TESTIMONE A SANT’ANNA DI STAZZEMA

“Che cosa è veramente successo intorno al 12 agosto in Versilia?” Questo si chiede il giovane giornalista venendo a conoscenza di voci che di là provenivano sempre più inquietanti. Angiolo conosce bene la gente di quelle parti. “Nel 1941-2, Lucca era infatti un punto d’incontro della realtà cattolica che sapeva guardare al domani. A Bologna,in particolare, si stampava a cura dell’Avvenire d’Italia,la testa Esare, della quale mi occupavo redazionalmente. Fu il collegamento di persone e sentimenti che mi avvicinò al mondo versiliese nei momenti più drammatici del conflitto.”
“Ma a suggellare tale conoscenza,nell’estate del 1944,ci fu al campo di Corticella,l’ondata di piena di rastrellati che riguardò lucchesi e soprattutto versiliesi.
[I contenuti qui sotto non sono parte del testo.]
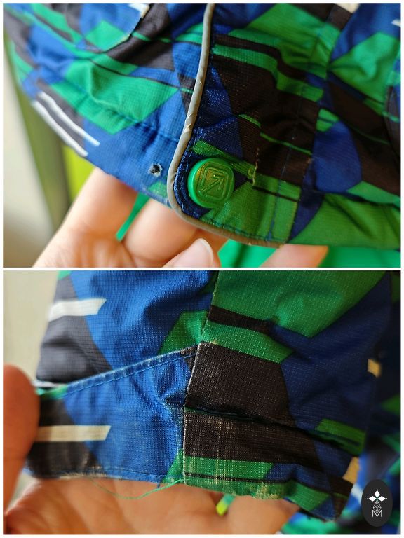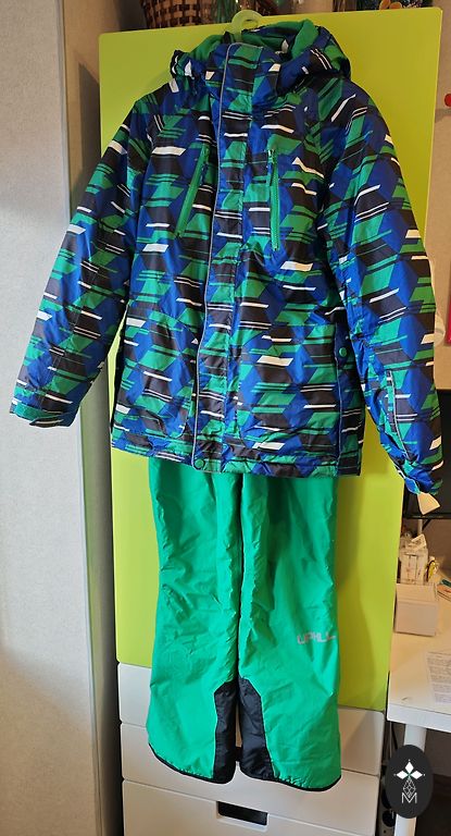 Very thick, warm set. Defects visible in the pictures, on the sleeves. No other defects. Two pairs of pants, sizes 104 and 110. Polyester, thick, with elastic bands at the bottom.

L’antico rapporto con la Diocesi mi aveva posto,per fortuna,dinanzi a volti noti e,passato il primo momento di sorpresa,mi fu possibile,sia pure con grande prudenza, prendere certe intese. Non pochi di questi rastrellati erano defluiti da Lucca alle Alpi Apuane e quindi furono protagonisti e spettatori – quei pochi s’intende che poterono uscire illesi – d’indimenticabili e tragiche vicende.”
“Le notizie dei massacri giunsero però anche a Salò,sede della Repubblica Sociale Italiana – si legge in un suo articolo dell’agosto 1996 de Il Tirreno – interessando prima di ogni altro il Sottosegretario agli Interni Giorgio Pini,giornalista e direttore de Il Resto del Carlino di Bologna. Pini ebbe non pochi dubbi,espressi anche alla Curia che prese contatti con lui. Che fare per conoscere,dunque,la verità?”
“Un passo ufficiale non fu ritenuto opportuno ( e la prova l’avemmo nel successivo settembre quando il Comando tedesco con un pubblico comunicato smentì addirittura la strage di Marzabotto). Allora Pini ritenne di saperne di più con un sopraluogo affidato in via strettamente privata al funzionario prefettizio Fantozzi, già in servizio da alcuni a Bologna. Lo stesso Pini chiese che Fantozzi fosse accompagnato, a titolo strettamente personale, da un giornalista de Il Resto del Carlino. La scelta cadde su Enrico Casabianca,già redattore capo a L’Avvenire d’Italia”.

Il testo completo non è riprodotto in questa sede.